La trama, intrigante ed assolutamente voltapagina come è consueto nelle narrazioni di Carofiglio, ruota infatti intorno alle vicende di Roberto (carabinieri in congedo temporaneo), Emma (ex attrice) e Giacomo (un bambino su cui non voglio svelare niente per non cadere nella trappola dello spoiler). Ammetto di essere rimasto conquistato, in primissima battuta, dallo svolgimento narrativo adottato dall’autore: una curiosa alternanza fra i racconti di (e su) Roberto, protagonista ottimamente raccontato in terza persona e contemporaneamente narratore della sua storia, e quelli espressi direttamente dalla viva voce di Giacomo. Da appassionato e da (infelice) burattinaio di parole provo ammirazione ed invidia: si percepisce una ricercatezza ed una attenzione sovraumana nel passaggio fra due cifre stilistiche così differenti, senza che questo influisca minimamente sul ritmo del romanzo, che rimane calibrato ed è controllato dalla prima all’ultima pagina.
Una nota a parte la merita anche l’ambientazione: Carofiglio abbandona le strade a lui così note di Bari (correte a comprare “nè qui nè altrove” dello stesso autore, se non avete avuto occasione di metterlo sotto il naso) per tratteggiare una Roma ora accogliente ed ora livida, sfondo sfuocato ma che colora con proprietà le storie che accompagna.
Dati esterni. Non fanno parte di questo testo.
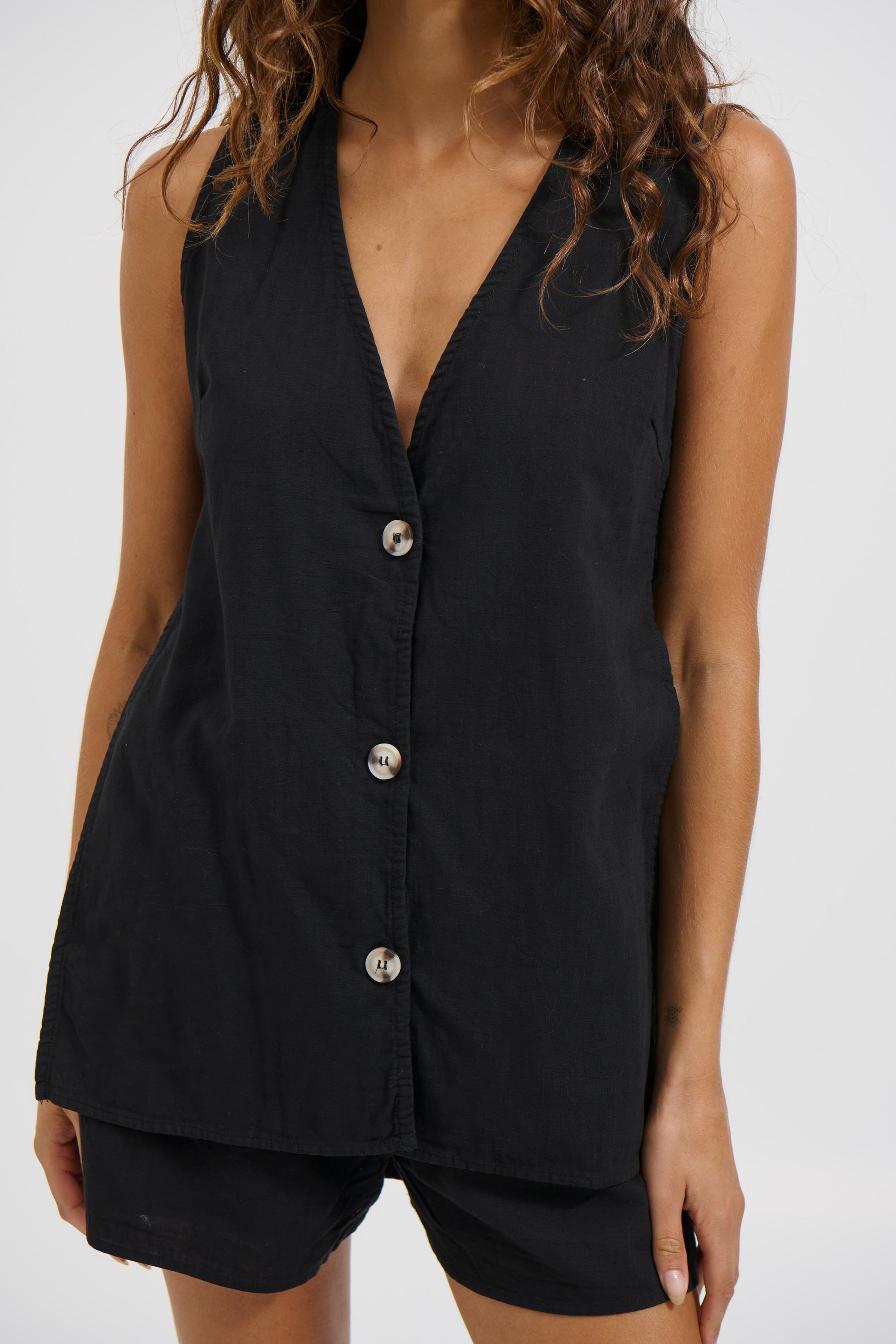 Introducing our Bonnie Set, Crafted from 100% breathable cotton, this set combines style and comfort. The vest features a button-front design and open sides with secure button closures. The shorts offer an elastic waistband, functional side pockets, and added convenience with extra pockets for essentials. Both pieces are fully lined for enhanced comfort.

Attenzione agli aspetti più psicologici dei personaggi, musicalità concepita fra sofferti racconti orali e significativi momenti di silenzio, sentimenti complessi svelati in momenti semplici che riportano alla mente attimi vissuti da ogni lettore. Aspetti che abbiamo imparato ad amare nei libri della serie Guerrieri e da cui l’autore non si distacca – e meno male! – in questa sua nuova prova.
Insomma, lasciatemelo dire: a me l’ultimo Carofiglio è piaciuto, e non poco. Ho la certezza che vi sentirete un po’ meno orfani dell’amatissimo avvocato barese, durante la lettura ed al termine di queste intensissime 300 pagine.